It doesn’t matter how you say it. When I describe a short hike with a great view on top, I might say that you get a good bang for your buck there.
In Kim Nilsen’s book “50 Hikes North of the White Mountains,” he says of the Devil’s Slide in Stark: “In none of the other pages of this guidebook will you find so much dramatic turf for so little effort.”
One day in early November a few years ago, I visited the North Country to hike up the Devil’s Slide, and on the way home, hike Mount Jasper in Berlin. It didn’t take long to climb up Devil’s Slide. I wasn’t disappointed.
In previous years, I have headed north and driven through Stark on the way to bigger hikes further on in the Nash Stream Forest. Turning right off Route 110 and crossing the historic covered bridge into Stark village, my eyes have always lit upon the vertical cliffs of Devil’s Slide directly behind the village.
I knew that peregrine falcons nested on the cliff. Back when they were endangered, New Hampshire Audubon’s Chris Martin would annually rappel off the top with a climbing guide to band the chicks. Now peregrines are downgraded to threatened in the state, but thriving.
I also knew there was a short trail to the top of Devil’s Slide. But alas, I had promises to keep and miles to go on longer hikes. So, one day I came north to combine two short hikes.
On that snowless November morning, I drove north through Gorham and Berlin and west on Route 110. As always, returning to the north woods I felt some déjà vu entering a quieter and softer landscape and way of life.
On the highway, I passed the open field with the view west towards Roger’s Ledge in the Kilkenny region. Then the road wound down the valley of the Upper Ammosoosuc River towards Stark. I was getting close when I passed the state historic sign for the Stark World War II prisoner of war camp.
Finally, I reached the picturesque enclosed valley and turned right over the recently restored covered bridge. I passed the Stark Village Inn on the right, now a favorite rest stop for those doing the 160-mile Cohos Trail. At the T in the road, I stopped and looked ahead and up. There was my modest yet spectacular hiking objective.
It seemed strange to call such a vertical cliff a “slide.” Yet, for those pioneers in the early settlement incorporated in 1795, it might, on occasion, have seemed that the devil himself all too easily slid down it from the woeful heights to disrupt their lives.
Another dark-side term from those days was Devil’s Den, for a small cave on a mountainside. There is one 30 feet below the top of the cliff on Mount Willard in Crawford Notch (you can see it from the road), which I visited once with a mountain guide after climbing the face.
There is also a Devil’s Den I visited once in a steep boulder field in the Mink Hills down in Warner. These hills used to be in the older AMC White Mountain Guide because they were on the old road north from Boston. People had time to stop and linger, and probably stay over, on their way north to the White Mountains. Or the Mink Hills was their destination.

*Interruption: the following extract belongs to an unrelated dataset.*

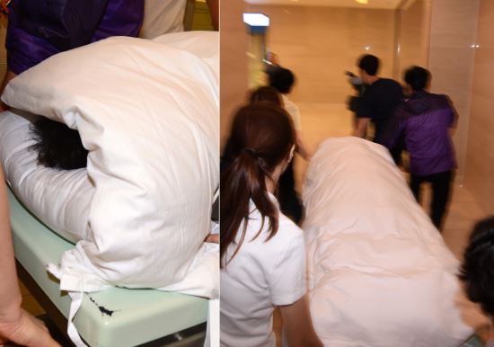 为防止记者拍摄,朴槿惠住院时被全身包裹。(韩国纽西斯通讯社)

Anyway, back in Stark village, I turned left on the Northside Road and followed the swift Upper Ammonoosuc River on the curvy road for almost a mile. I crossed the railroad tracks, passed one house on the right, then passed a small sand pit, then pulled into a modest pullout on the right.
Anxious to get going after a long drive, I grabbed my pack and headed up the trail. Yellow blazes made the foliage covered trail easy to follow.
The woods was wet from recent rain. It reminded me of hiking out in Washington state a few weeks previously, minus the giant Douglas fir trees. Yet, the leaf covered trail was very pleasant as it wound up through the mixed second growth forest. There was the familiar New England autumn smell of vegetal death, inseparable from the spiritual renewal found while passing through the chilly open forest.
At an abrupt change to steepness just before the top, the forest turned dark and coniferous. I climbed the last few yards out to a cliff top lookout.
Great space opened ahead, with the village and river down below. A chilly breeze came from the south. I scrambled about the cliff edge, looking for the best view and good lunch spot. I found it further uphill, settling on a comfortable shelf in the sun with a view eastward. I pulled out Nilsen’s “50 Hikes” and enjoyed reading his take on where I was.
He mentioned that the best lookout was from a wide shelf down below where I had first emerged at the cliff edge. I packed up and headed down there.The closer view of Stark village held my attention.
Satisfied, I headed back down the trail and drove to Mount Jasper in Berlin, another storied mountain indeed.